Historically, our contract with Merial to sell their flea, tick and heartworm products included an exclusivity requirement.  This requirement did not permit us to sell or distribute other competing flea, tick and heartworm products.  During the course of our contract negotiations with Merial for calendar year 2010, we agreed with Merial to begin a non-exclusive arrangement for 2010 where we will be permitted to sell and distribute other competing products.  Some of these competing products will be sold under buy-sell arrangements, while others will be sold under agency arrangements.  Merial’s flea, tick and heartworm products are sold under an agency arrangement.  This switch to buy-sell arrangements for certain flea, tick and heartworm products will have an impact on how our revenues are reported, since under agency sales, only commissions are reported as revenues, while for buy-sell products the total sale price of the product is reported as revenue.

 

On October 15, 2009, Pfizer completed its acquisition of Wyeth.  Prior to this acquisition, Pfizer and Fort Dodge, a division of Wyeth, were our two largest vendors as measured by our revenues.  In connection with this acquisition, Pfizer divested certain animal health products to Boehringer Ingelheim.  Fort Dodge supplied products that accounted for approximately 11% of our revenues for fiscal year 2009.  Of this amount, based on information received from the Federal Trade Commission, Pfizer and Boehringer Ingelheim, we estimate that approximately 43% of such revenues were attributable to products now owned by Pfizer and approximately 57% of such revenues were attributable to products now owned by Boehringer Ingelheim.  We are currently negotiating new contracts with Pfizer and Boehringer Ingelheim for calendar year 2010.

 

On November 3, 2009, Merck and Schering-Plough completed their merger under which Merck acquired all of the outstanding stock of Schering-Plough.  Merial was a joint venture between Merck and Sanofi-Aventis, and Sanofi-Aventis acquired Merck’s interest in Merial shortly before Merck and Schering-Plough completed their merger.  Merck has announced that Sanofi-Aventis has an option to combine the Intervet/Schering-Plough Animal Health business with Merial to form an animal health joint venture that would be equally owned by the new Merck and Sanofi-Aventis.  If the option is exercised by Sanofi-Aventis, the formation of the new animal health joint venture would be subject to approval by the relevant regulatory authorities.  Merial and Intervet-Schering are also two of our larger vendors.  We are currently negotiating new contracts with each of these companies for calendar year 2010.

 

The surviving companies from these transactions will have high market shares with respect to certain animal health products, and they could use their increased leverage in the channel to negotiate terms with distributors that are materially worse to the distributor than the terms that we have been able to negotiate with Pfizer, Fort Dodge, Boehringer Ingelheim, Merial and Intervet-Schering individually while they were competing with each other.

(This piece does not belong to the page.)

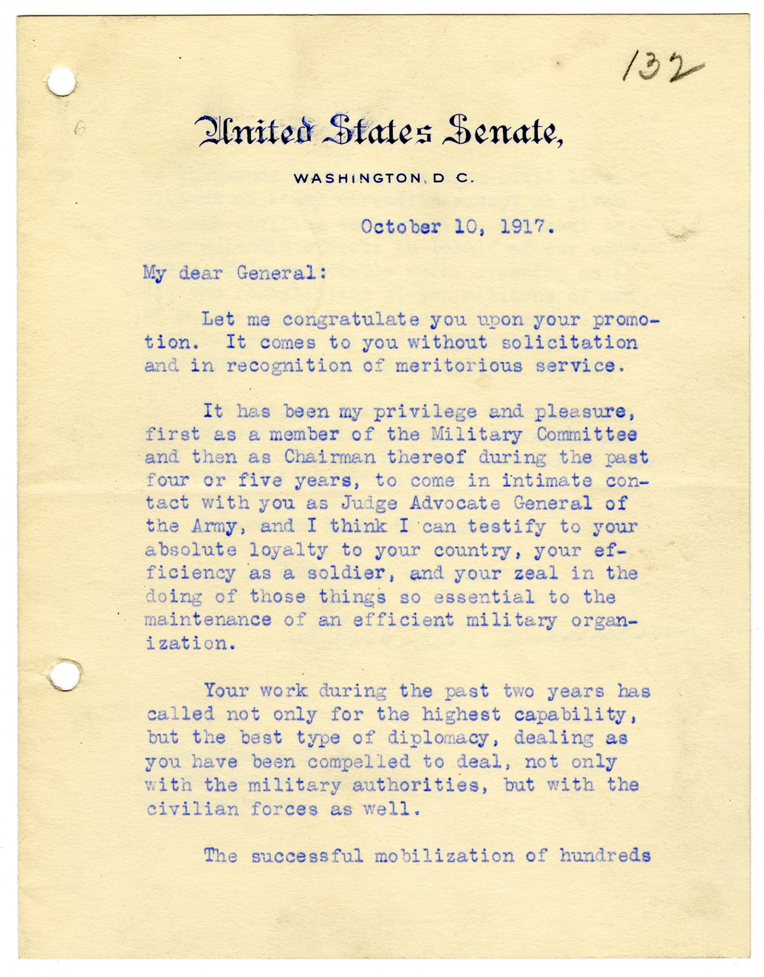 United States Senate, Washington, D.C. October 10, 1917. My dear General: Let me congratulate you on your promotion. It comes to you without solicitation and in recognition of meritorious service. It has been my privilege and pleasure, first as a member of Military Committee and then as Chairman thereof during the past four or five years, to come in intimate contact with you as Judge Advocate General of the Army, and I think I can testify to your absolute loyalty to your country, your efficiency as a solider, and your zeal in the doing of those things so essential to the maintenance of an efficient military organization. Your work during the past two years has called not only for the highest capability, but the best type of diplomacy, dealing as you have been compelled to deal, not only with the military authorities, but with the civilian forces as well. The successful mobilization of hundreds.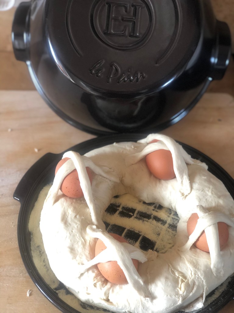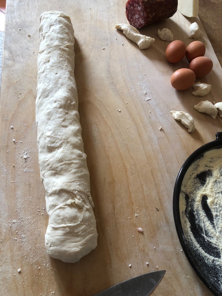 Riprendete l’impasto, stendetelo formando un rettangolo, farcite con salame e formaggio, arrotolate con delicatezza, posizionate nella base del cuocipane, formando una ciambella, fate riposare per 30 minuti, posizionate le uova e ricoprite con due filoncini di pasta, che avrete tenuto da parte.

There also remains uncertainty related to any changes to the terms that may be included in the vendor contracts we negotiate for the upcoming year as a result of these transactions.  There is also a possibility of product disruption as these companies integrate their operations which could adversely impact our financial results.  Further consolidation among animal health products vendors could result in our vendors further increasing their market share, which could give vendors greater pricing power and make it easier for such vendors to sell their products directly to animal health customers, both of which could decrease our net sales and profitability.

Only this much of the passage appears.